I considered defining some $\delta_n$ with $\delta_n \to \delta$ for $n \to \infty$ so that I could consider the limit of integral $\int_{-\infty}^{\infty} \delta_n(f(x))\phi(x)\ dx$. My idea was to split it up into multiple parts like this:
$$ \int_{-\infty}^{\infty} \delta_n(f(x))\phi(x)\ dx = \int_{-\infty}^{x_1 - \epsilon} \delta_n(f(x))\phi(x)\ dx + \sum_{j=1}^{n-1} \left(\int_{x_j - \epsilon}^{x_j + \epsilon} \delta_n(f(x))\phi(x)\ dx + \int_{x_j + \epsilon}^{x_{j+1} - \epsilon} \delta_n(f(x))\phi(x)\ dx \right) + \int_{x_n-\epsilon}^{x_n+\epsilon} \delta_n(f(x))\phi(x)\ dx + \int_{x_n+\epsilon}^{\infty} \delta_n(f(x))\phi(x)\ dx $$
By substituting $u = f(x)$ we have $dx = \frac{du}{f'(x)} = \frac{du}{f'(f^{-1}(u))}$, and the integrals would look like $\int_{x_j-\epsilon}^{x_j+\epsilon} \delta_n(u)\phi(f^{-1}(u)) \frac{1}{f'(f^{-1}(u))} \ du $.
Since $f^{-1}(u) = x_j$, by taking the limit $n \to \infty$ the integral is equal to $\frac{\phi(x_j)}{f'(x_j)}$, which is $\frac{\delta_{x_j}}{f'(x_j)}$.
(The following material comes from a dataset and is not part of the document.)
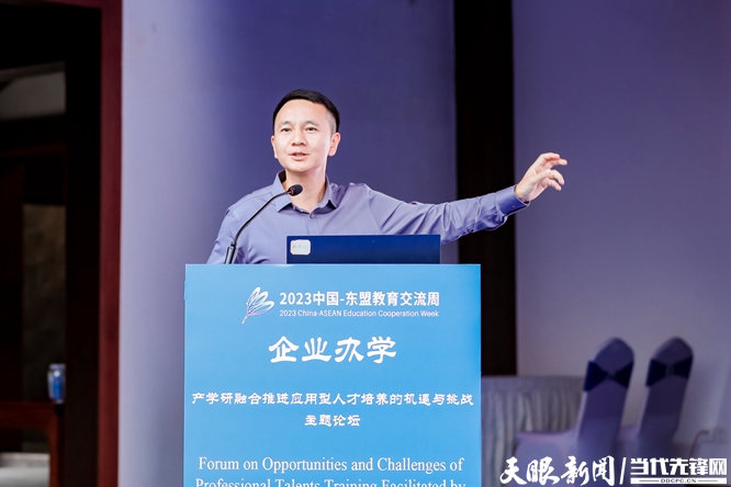 8月28日,2023中国-东盟教育交流周“企业办学:产学研融合推进应用型人才培养的机遇与挑战论坛”在贵阳信息科技学院阳明书院举行。来自菲律宾安吉尔斯大学、印度尼西亚STIKI Malang学院、马来西亚世纪大学、马来西亚泰莱大学、泰国斯巴顿大学、江西科技师范大学软件动漫学院、北京理工大学珠海学院、成都锦城学院、海南科技职业大学、贵州民族大学、贵州食品工程职业技术学院等高校、企业代表齐聚一堂,探讨中国-东盟高校在高水平应用人才培养、产教融合、科研合作等领域的发展之路。

In the other integrals, $x$ is never $x_j$, so when $n \to \infty$, the integral is always $0$, so in the end we only have the sum $\sum_{j=1}^{n}{\frac{\delta_{x_j}}{\left|f'(x_j)\right|}}$.
My problem now is that I cannot prove the existence of $f^{-1}$ in the interval $[x_j - \epsilon, x_j + \epsilon]$. If $f$ were continuously differentiable, I could choose $\epsilon$ small enough so that $f'(x_j) \ne 0$ in the whole interval, so $f'$ is strictly monotonically increasing (or decreasing) on the interval, so $f^{-1}$ exists. However, it is only given that f is differentiable.
Another problem is that in my "proof", I don't take the absolute value of $f'(x_j)$. I feel like this is because I didn't exactly use the provided definition of $T\ \circ\ f$, but I didn't have another idea.
Is there a way to "save" this proof?